== Data section ==
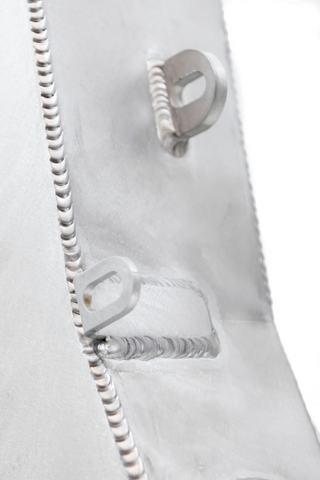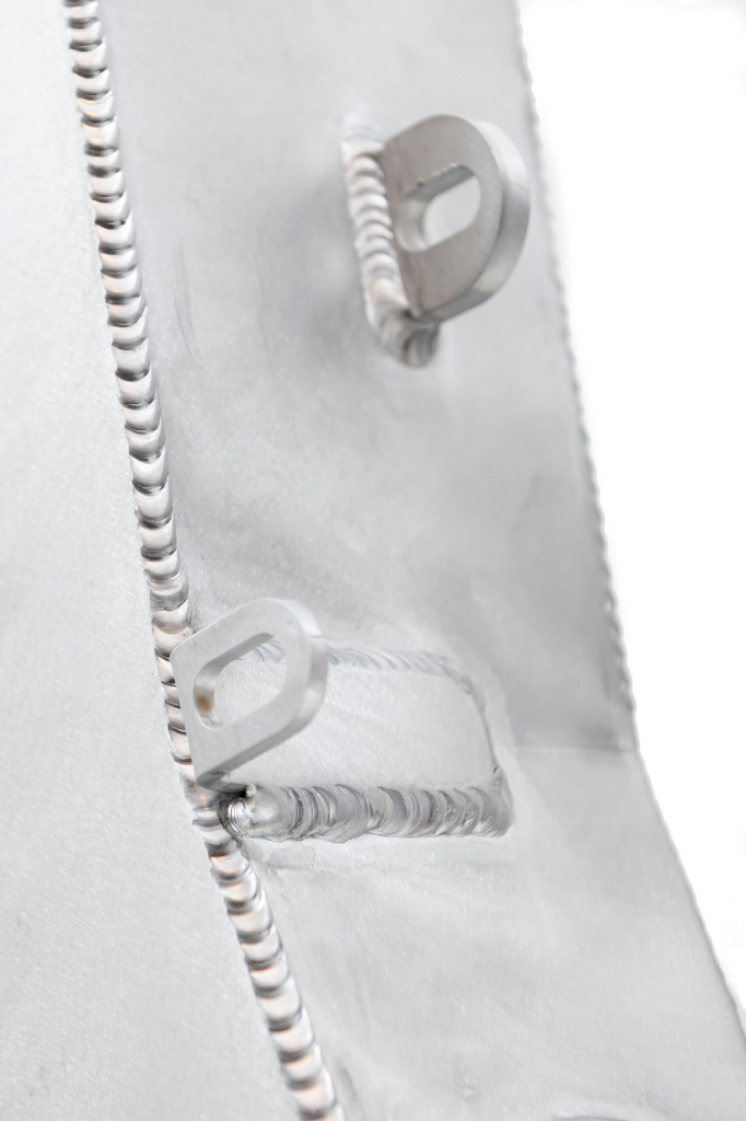 - 3″ (76mm) ID hose connections with large volume end tanks for very low flow restriction and pressure differences under high boost.
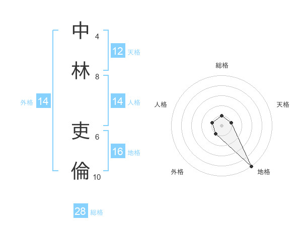 中林 吏倫さんの天格は12画の1点!
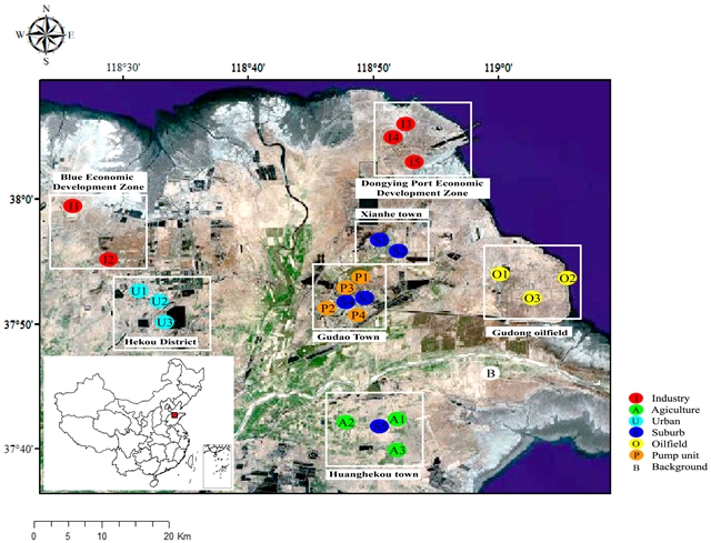 了解油田区域多环芳烃(PAC)的空间分布、来源及其在气—土交换过程中的分布状况,对于制定有效的PAC污染控制措施至关重要。本研究于2018-2019年在胜利油田所在的黄河三角(YRD)地区采集了48个被动空气样品和24个土壤样品,共计7个功能区(分别为城区、油田区、城郊区、工业区、农业区、泵站附近区和背景区),并对所有空气和土壤样品中的18种母体多环芳烃 (PAH) 和5种烷基化多环芳烃(APAH)进行了分析。大气和土壤中PAHs的含量分别为2.26至135.83 ng/m3和33.96至408.94 ng/g,APAHs的含量分别为0.04至16.31 ng/m3和6.39至211.86 ng/g。大气PAHs浓度随着距城区距离的增加呈下降趋势,土壤中PAH和APAH浓度均随着距油田区距离的增加而降低。PMF分析表明,对于大气中的PACs,在城区、城郊和农业区,煤/生物质燃烧是主要贡献源。而在工业区和油田区,原油生产和加工源的贡献较大。对于土壤中的多环芳烃(PAC),人口密集区域(工业区、城区和郊区)受交通源的影响较大,而油田和泵站附近区域则受石油泄漏的影响较大。逸度分数(ff)结果表明,土壤普遍排放低分子量多环芳烃(PAH)和对羟基苯甲酸(APAH),并吸收高分子量多环芳烃(PAH)。空气和土壤中(PAH+APAH)的终生增量致癌风险(ILCR)均低于美国环保署设定的阈值(≤10−6)。

== Problem statement ==
Give back the full listing verbatim, skipping each picture.

== Exercise solution ==
 - 3″ (76mm) ID hose connections with large volume end tanks for very low flow restriction and pressure differences under high boost.
 中林 吏倫さんの天格は12画の1点!
 了解油田区域多环芳烃(PAC)的空间分布、来源及其在气—土交换过程中的分布状况,对于制定有效的PAC污染控制措施至关重要。本研究于2018-2019年在胜利油田所在的黄河三角(YRD)地区采集了48个被动空气样品和24个土壤样品,共计7个功能区(分别为城区、油田区、城郊区、工业区、农业区、泵站附近区和背景区),并对所有空气和土壤样品中的18种母体多环芳烃 (PAH) 和5种烷基化多环芳烃(APAH)进行了分析。大气和土壤中PAHs的含量分别为2.26至135.83 ng/m3和33.96至408.94 ng/g,APAHs的含量分别为0.04至16.31 ng/m3和6.39至211.86 ng/g。大气PAHs浓度随着距城区距离的增加呈下降趋势,土壤中PAH和APAH浓度均随着距油田区距离的增加而降低。PMF分析表明,对于大气中的PACs,在城区、城郊和农业区,煤/生物质燃烧是主要贡献源。而在工业区和油田区,原油生产和加工源的贡献较大。对于土壤中的多环芳烃(PAC),人口密集区域(工业区、城区和郊区)受交通源的影响较大,而油田和泵站附近区域则受石油泄漏的影响较大。逸度分数(ff)结果表明,土壤普遍排放低分子量多环芳烃(PAH)和对羟基苯甲酸(APAH),并吸收高分子量多环芳烃(PAH)。空气和土壤中(PAH+APAH)的终生增量致癌风险(ILCR)均低于美国环保署设定的阈值(≤10−6)。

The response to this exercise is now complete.